Leaving out any pictures, print the entries that follow exactly as they stand.

[Stored entries]
▼
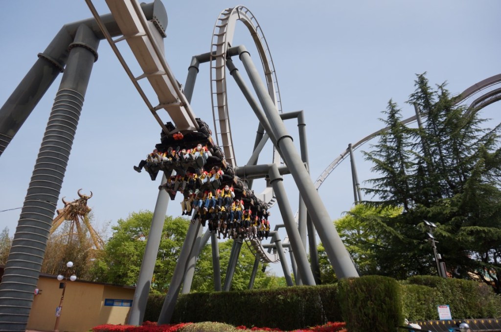 Gyeongju World is voorlopig het enige Koreaanse pretpark dat inkopen deed bij de coastergoden van Bolliger & Mabillard. In tweevoud, zelfs. Naast Draken vinden we hier immers ook Phaethon, die tijdens de inleiding reeds vernoemd werd. Deze inverted coaster opende in het jaar 2007 en rond die tijd is Gyeongju World wellicht op m’n radar verschenen. De knappe theming die ik me van de foto’s herinner, blijkt anno 2023 nog intact. De ingang wordt gemarkeerd door een impressionant paardensculptuur en het stationsgebouw werd vormgegeven als een monumentale Griekse tempel. De onsubtiele verwijzing naar Universal’s Dueling Dragons (“Choose Thy Fate”) is misschien een beetje misplaatst, al merkt 99,9 procent van de bezoekers dat wellicht niet op.
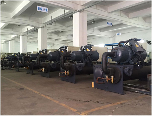 水冷螺桿式冷水機(jī)生產(chǎn)車間
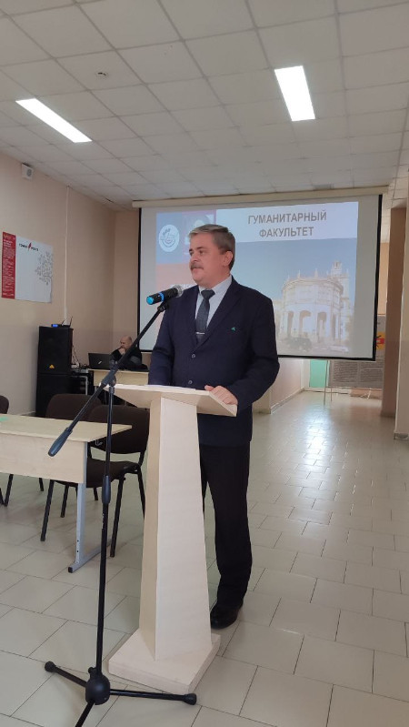 В своём выступлении перед учащимися и преподавателями школ, декан Гуманитарного факультета В.А. Осипов продемонстрировал и подробно прокомментировал презентацию о РГУПС, рассказал о направлениях подготовки, реализуемых кафедрами факультета, правилах поступления и обучения в университете и ответил на вопросы участников встречи.
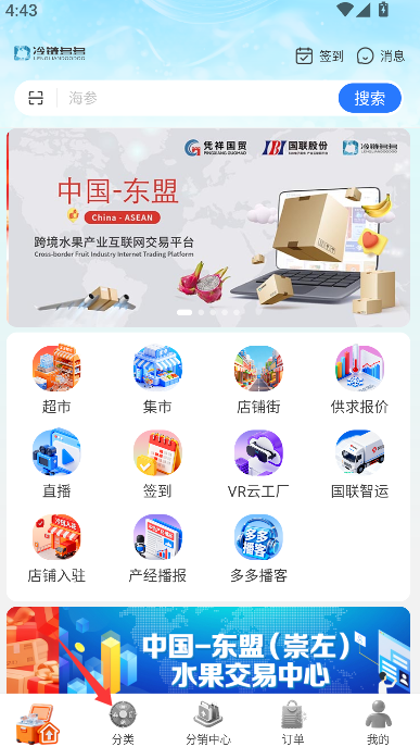 1、于底部导航栏找到并点击"分类"选项,即可进入全部商品分类页面。
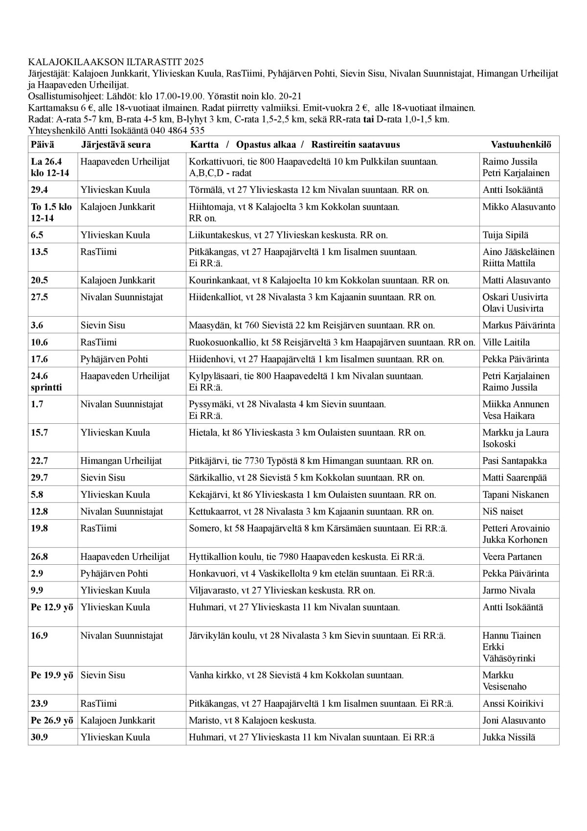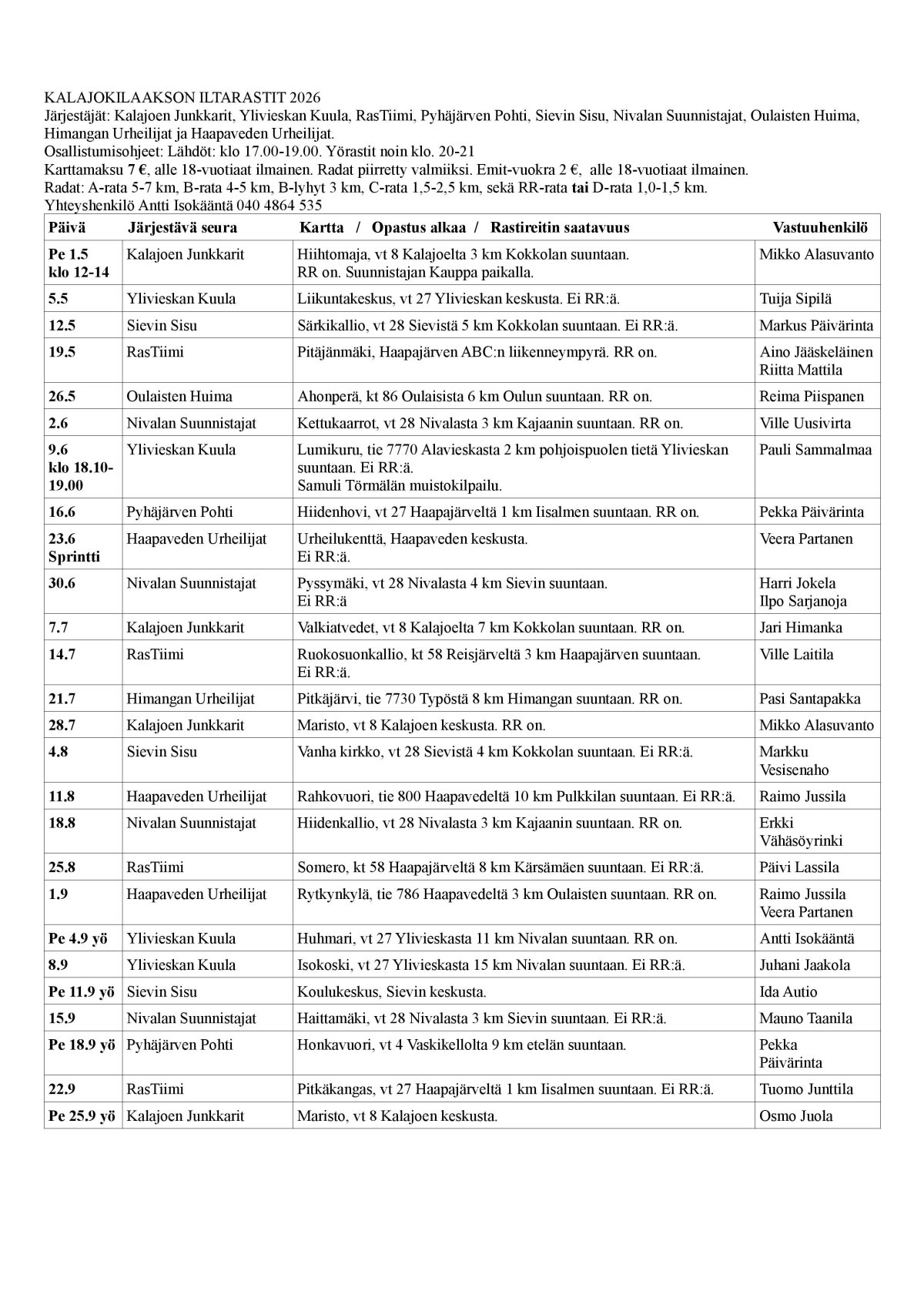 - Kalajokilaakson Iltarasteilla on tehty 119 325 suoritusta (1983-2022).
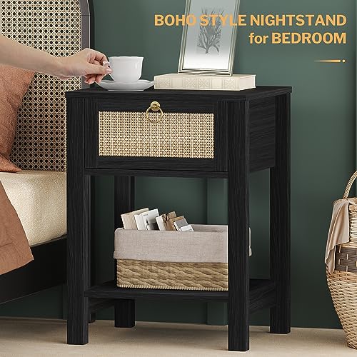 SICOTAS White Nightstand,Rattan Decor Drawer with Brass Knobs Night Stand Natural Wood Bedside Table Boho End Table Side Table with Storage Shelf
▲
Worked solution:
 Gyeongju World is voorlopig het enige Koreaanse pretpark dat inkopen deed bij de coastergoden van Bolliger & Mabillard. In tweevoud, zelfs. Naast Draken vinden we hier immers ook Phaethon, die tijdens de inleiding reeds vernoemd werd. Deze inverted coaster opende in het jaar 2007 en rond die tijd is Gyeongju World wellicht op m’n radar verschenen. De knappe theming die ik me van de foto’s herinner, blijkt anno 2023 nog intact. De ingang wordt gemarkeerd door een impressionant paardensculptuur en het stationsgebouw werd vormgegeven als een monumentale Griekse tempel. De onsubtiele verwijzing naar Universal’s Dueling Dragons (“Choose Thy Fate”) is misschien een beetje misplaatst, al merkt 99,9 procent van de bezoekers dat wellicht niet op.
 水冷螺桿式冷水機(jī)生產(chǎn)車間
 В своём выступлении перед учащимися и преподавателями школ, декан Гуманитарного факультета В.А. Осипов продемонстрировал и подробно прокомментировал презентацию о РГУПС, рассказал о направлениях подготовки, реализуемых кафедрами факультета, правилах поступления и обучения в университете и ответил на вопросы участников встречи.
 1、于底部导航栏找到并点击"分类"选项,即可进入全部商品分类页面。
 - Kalajokilaakson Iltarasteilla on tehty 119 325 suoritusta (1983-2022).
 SICOTAS White Nightstand,Rattan Decor Drawer with Brass Knobs Night Stand Natural Wood Bedside Table Boho End Table Side Table with Storage Shelf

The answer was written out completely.